● Problem details
Give again, character for character, the lines that lie between the first line of the material and the line with "พิเศษ! ลูกค้าทรูมูฟ เอช", inclusive. Omit pictures.
##### Material shown #####
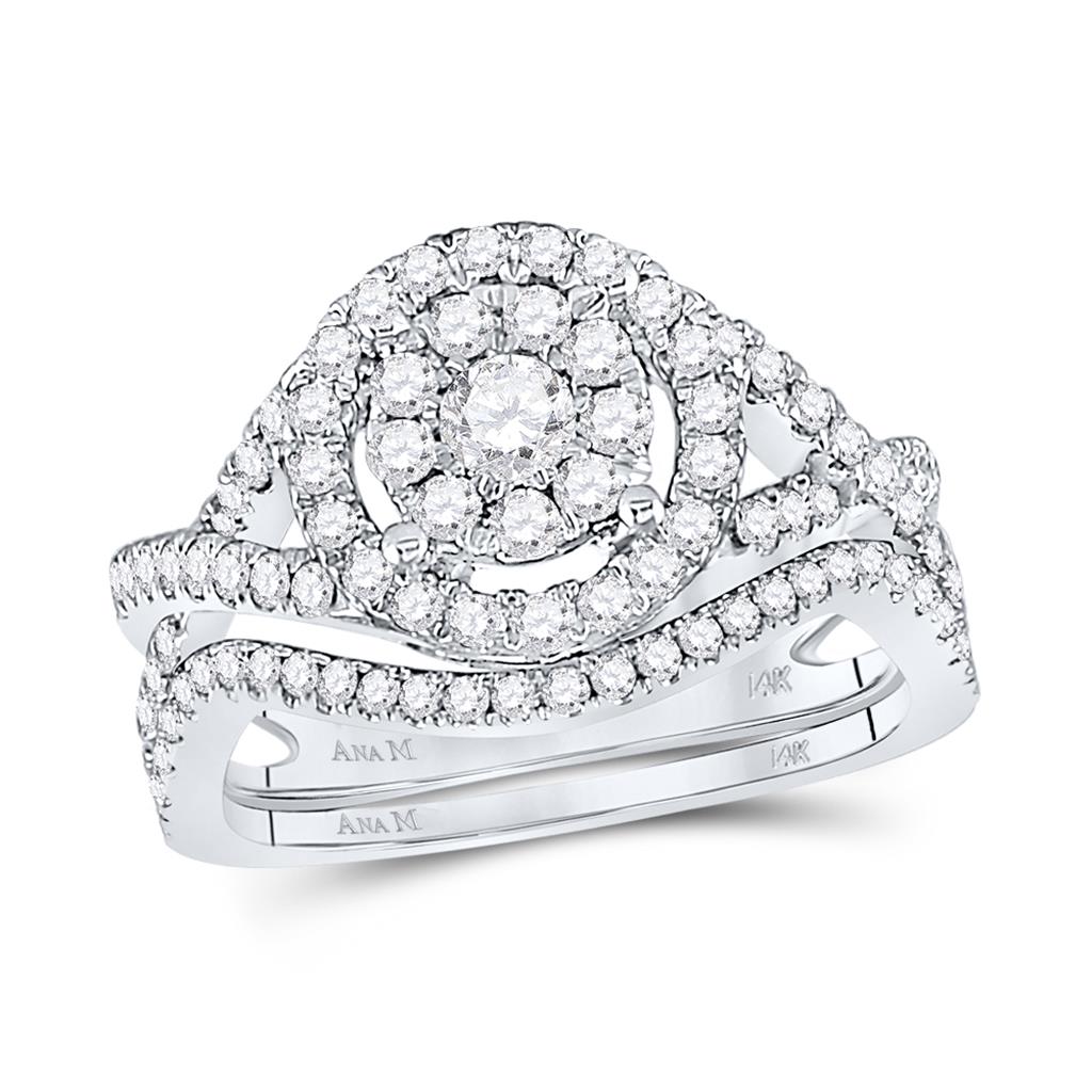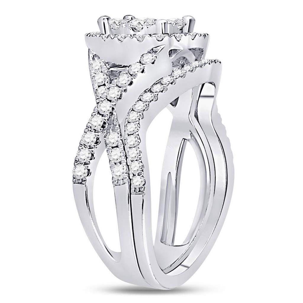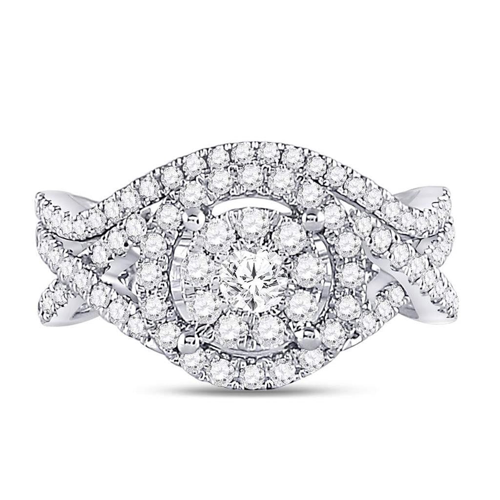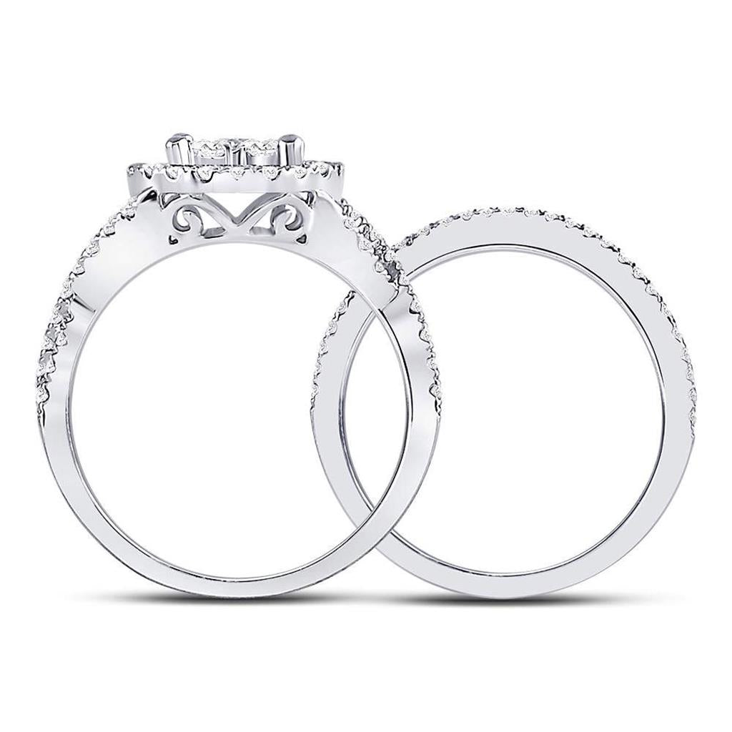 14k White Gold Round Diamond Bridal Wedding Ring Set 1 Cttw
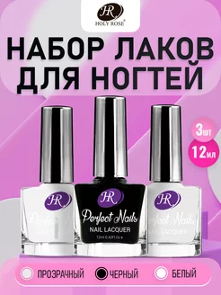 Лак для ногтей черный белый прозрачный набор 3 шт
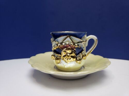 Title (ebay affiliate link): Very Small Demitasse Cup & Saucer ~Raised Artwork ~ Blue and Gold ~
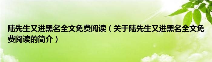 大家好,陸先生又進黑名全文免費閱讀,關于陸先生又進黑名全文免費閱讀的簡介很多人還不知道,現在讓我們一起來看看吧!
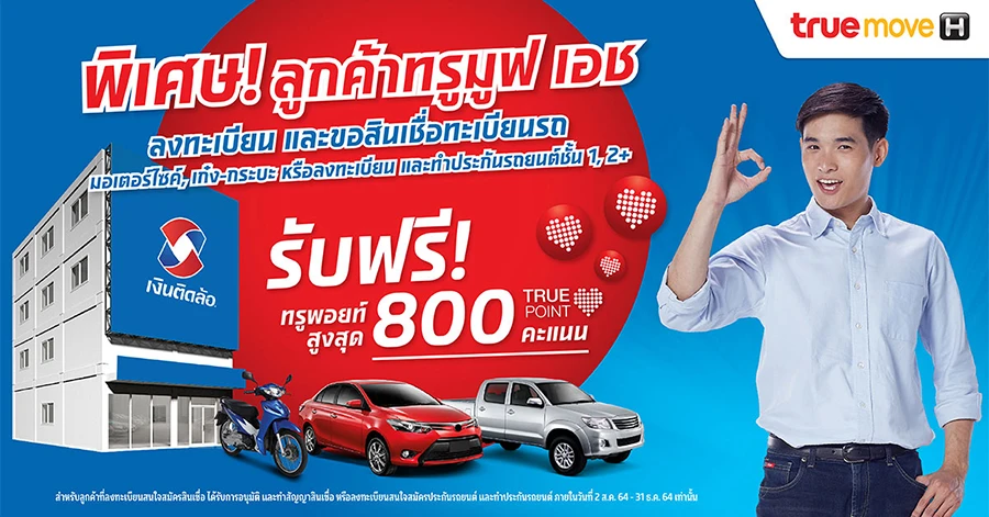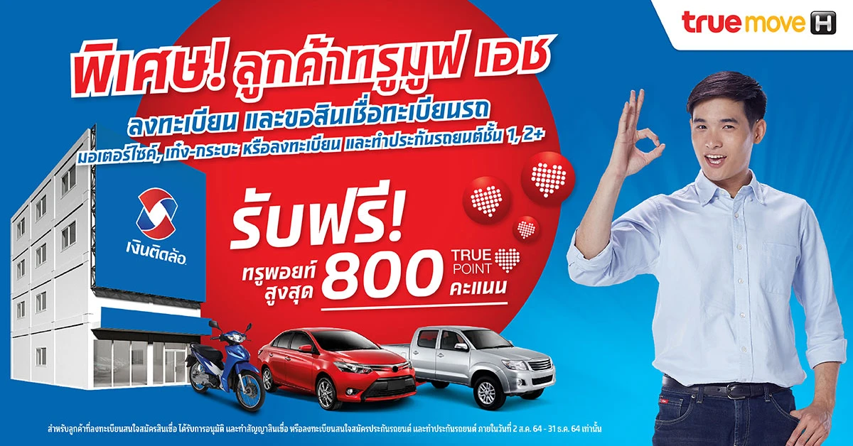 พิเศษ! ลูกค้าทรูมูฟ เอช ลงทะเบียนและขอสินเชื่อทะเบียนรถ รับฟรี...ทรูพ้อยท์สูงสุด 800 คะแนน
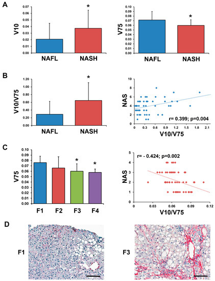 V10 and V75 levels are increased in NASH patients’ serum. (A) Densitometry analysis of the V10 and V75 blots imaged in Figure 2. The total lane density detected from the Ponceau S staining of the transferred protein in the blots was used for normalization. Patients with definite steatohepatitis (NASH group) have higher V10 and lower V75 levels compared with patients without definite steatohepatitis (NAFL group); * = p < 0.05. (B) Histogram showing that the V10/V75 ratio was higher in NASH compared to NAFL group (left); * < 0.05. The scatter plot graph on the right shows the correlation between the V10/V75 ratio and the NAS score. (C) The histogram on the left shows V75 serum levels in patients divided according to the fibrosis (F) score; * < 0.01 versus F1 group. The scatter plot graph on the right shows the correlation between V75 levels and the fibrosis score. (D) Sirius red stains in liver biopsies are representative of F1 and F3 stages, respectively. Scale bar = 100 µm.
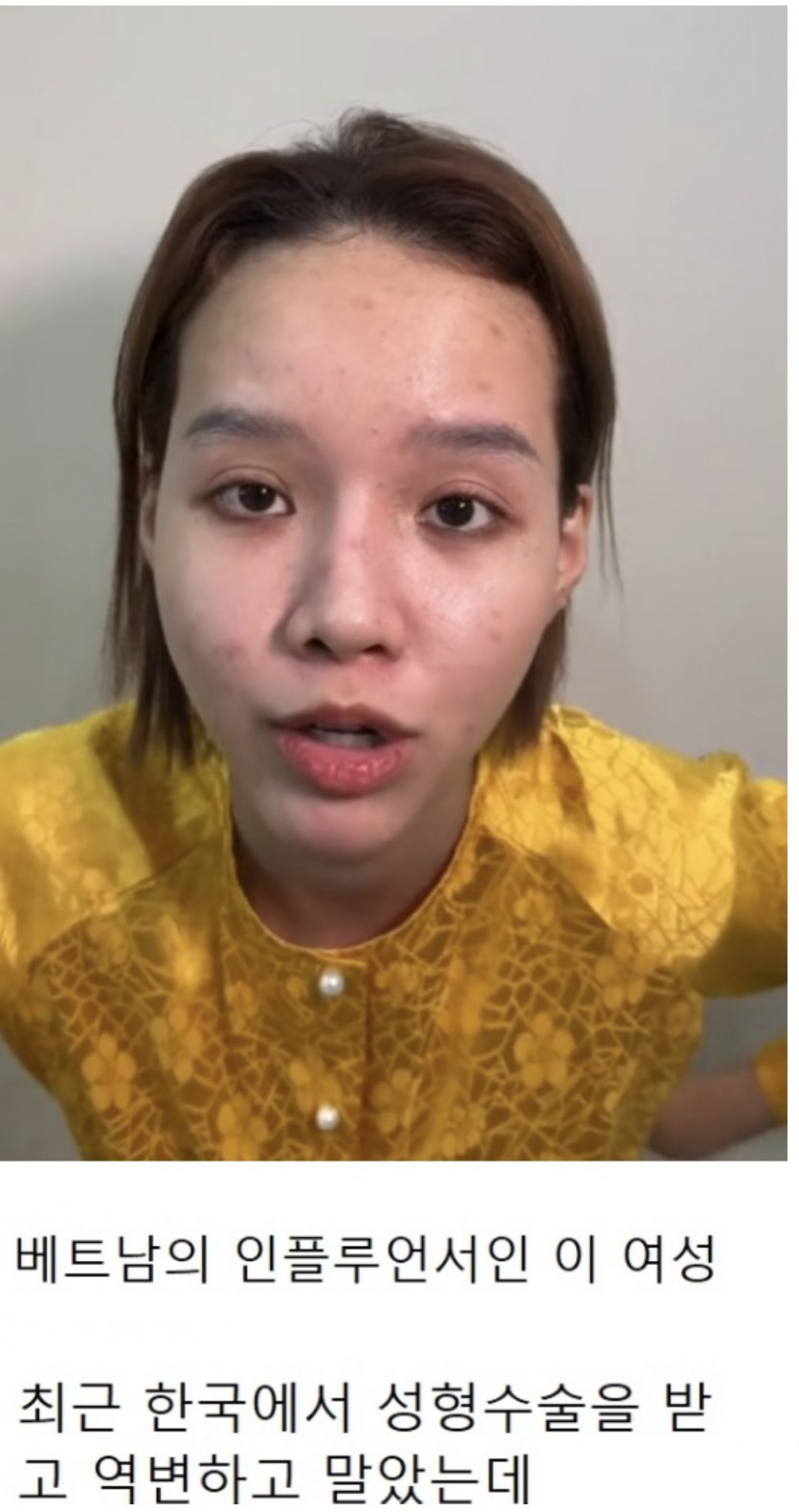 한국에서 성형후, 인생이 바뀐 베트남 여성 작성자 정보 한강열차 작성 작성일 2025.11.11 17:46 컨텐츠 정보 3 조회 목록 답글 본문 이래서 한국으로 원정성형을 받으러 오는건가... 관련자료 이전 어른들이 먹기 싫어하는 밥 작성일 2025.11.11 18:09 다음 아직도 호불호 매우 크게 갈리는 수술 작성일 2025.11.11 16:28 댓글 0 등록된 댓글이 없습니다. Select File Upload File 목록 답글
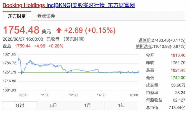 Booking Holdings(BKNG.US)美东时间开盘1813.4美元,截至今天(8月8日)发稿前,报1754.48美元/股,市值718.4亿美元。其股价今年以来已累计下跌近20%
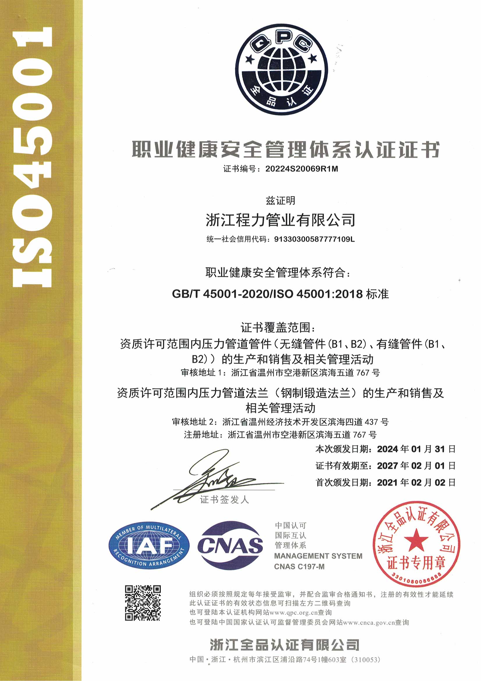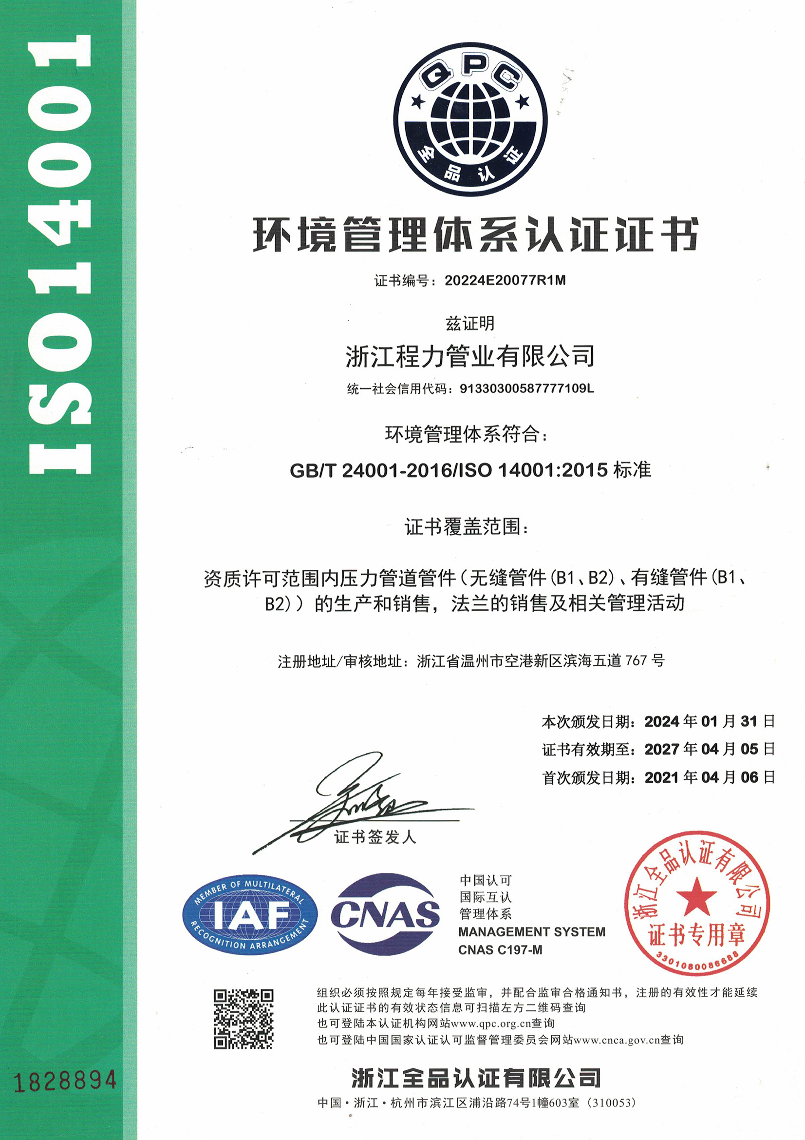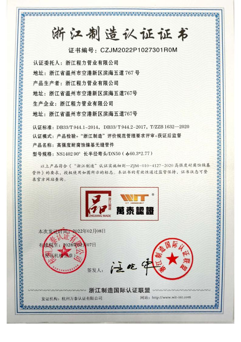 浙江制造認證證書
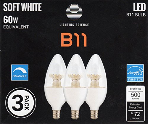 60W LED Clear B11 E17 3 Pack, Soft White, Dimmable Energy Star Rated Light Bulbs
#####
● Output for this task
 14k White Gold Round Diamond Bridal Wedding Ring Set 1 Cttw
 Лак для ногтей черный белый прозрачный набор 3 шт
 Title (ebay affiliate link): Very Small Demitasse Cup & Saucer ~Raised Artwork ~ Blue and Gold ~
 大家好,陸先生又進黑名全文免費閱讀,關于陸先生又進黑名全文免費閱讀的簡介很多人還不知道,現在讓我們一起來看看吧!
 พิเศษ! ลูกค้าทรูมูฟ เอช ลงทะเบียนและขอสินเชื่อทะเบียนรถ รับฟรี...ทรูพ้อยท์สูงสุด 800 คะแนน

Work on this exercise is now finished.